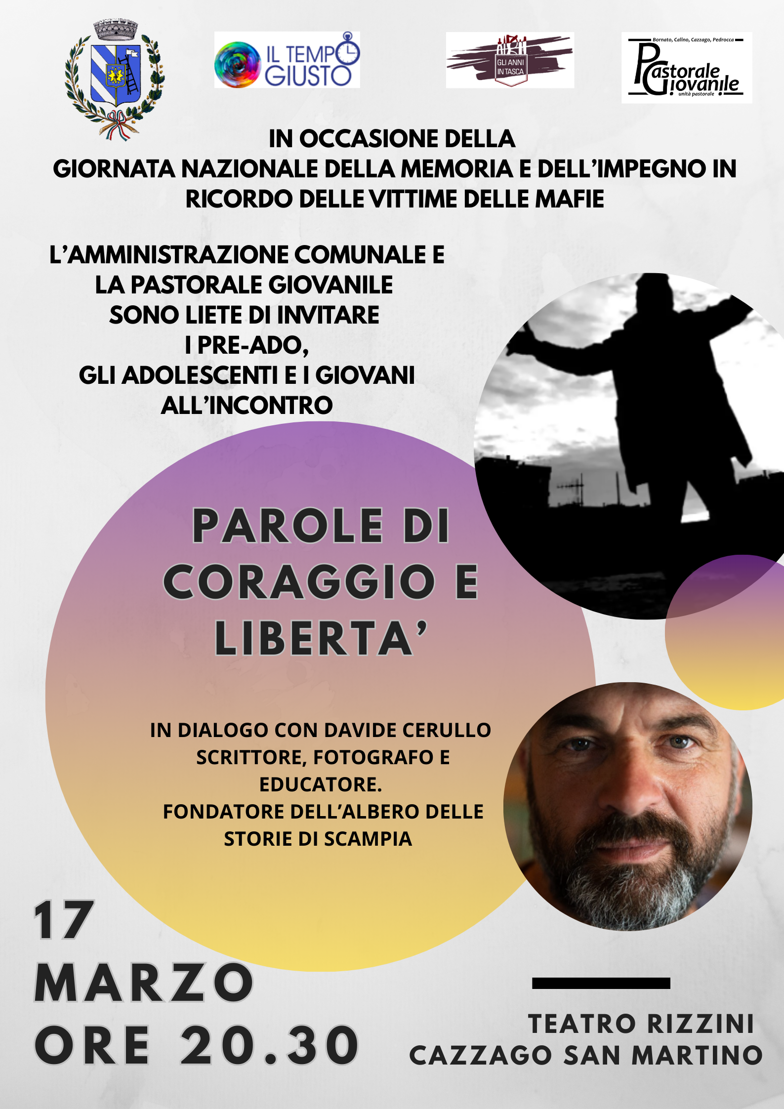 17 Marzo h 20.30 presso il Teatro Rizzini: "Parole di coraggio e libertà" - incontro dedicato ai preadolescenti, agli adolescenti e ai giovani
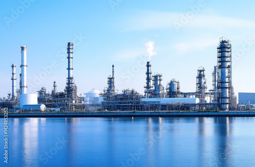 © Kasim, Obraz premium Industrial refinery complex by waterfront.
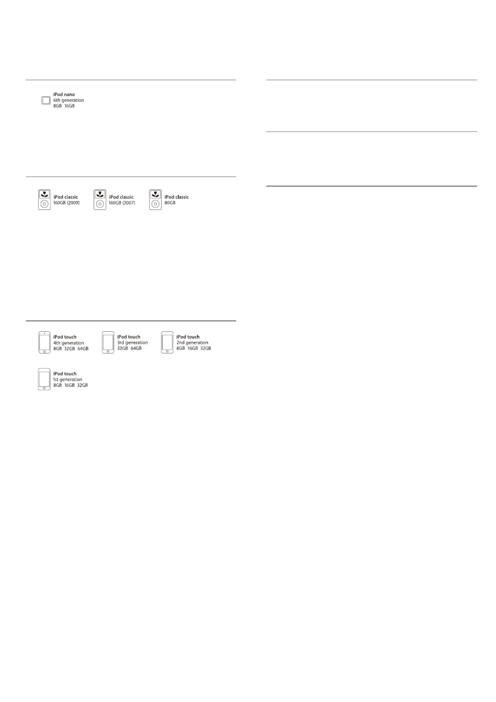 ○第5世代 iPodと第1世代 iPodnano の動作制限事項
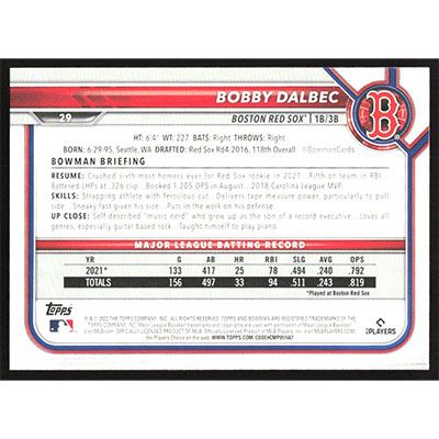 This is a 2022 Bowman Bobby Dalbec baseball card. The card is #29 and pictures show condition.
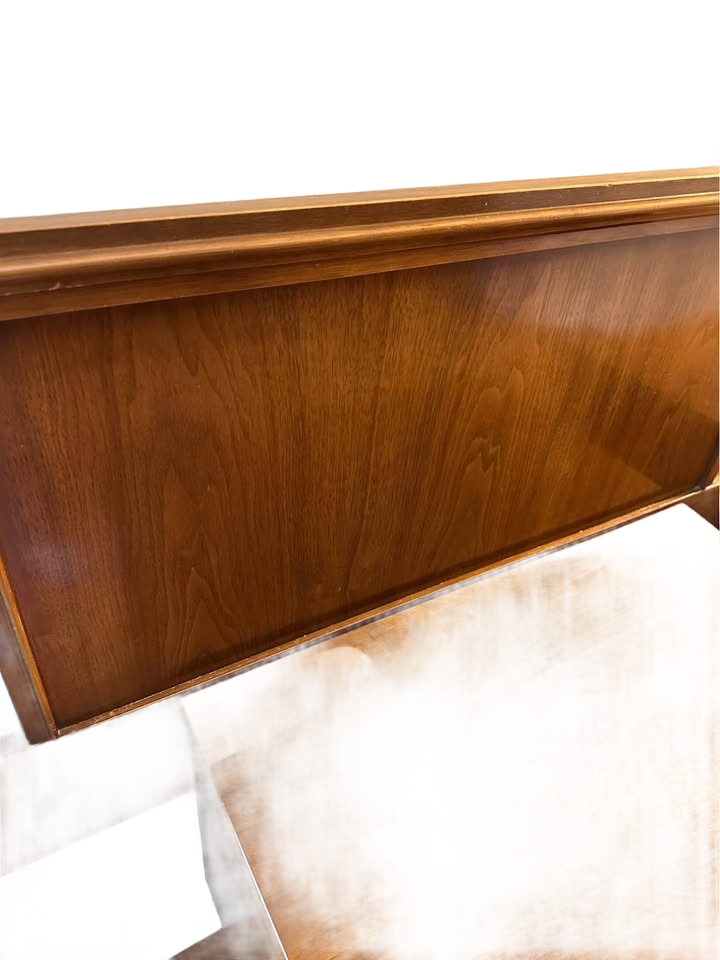 Walnut king headboard and (2) 2 drawer nightstands from Dixie, 1960’s 24w 15d 23.5h/nightstands 78w 38h/headboard

* * * * *

■ TRY IT: Write out everything in the data word for word. Omit each picture.

■ EXPECTED ANSWER:
 17 Marzo h 20.30 presso il Teatro Rizzini: "Parole di coraggio e libertà" - incontro dedicato ai preadolescenti, agli adolescenti e ai giovani
 © Kasim, Obraz premium Industrial refinery complex by waterfront.
 ○第5世代 iPodと第1世代 iPodnano の動作制限事項
 This is a 2022 Bowman Bobby Dalbec baseball card. The card is #29 and pictures show condition.
 Walnut king headboard and (2) 2 drawer nightstands from Dixie, 1960’s 24w 15d 23.5h/nightstands 78w 38h/headboard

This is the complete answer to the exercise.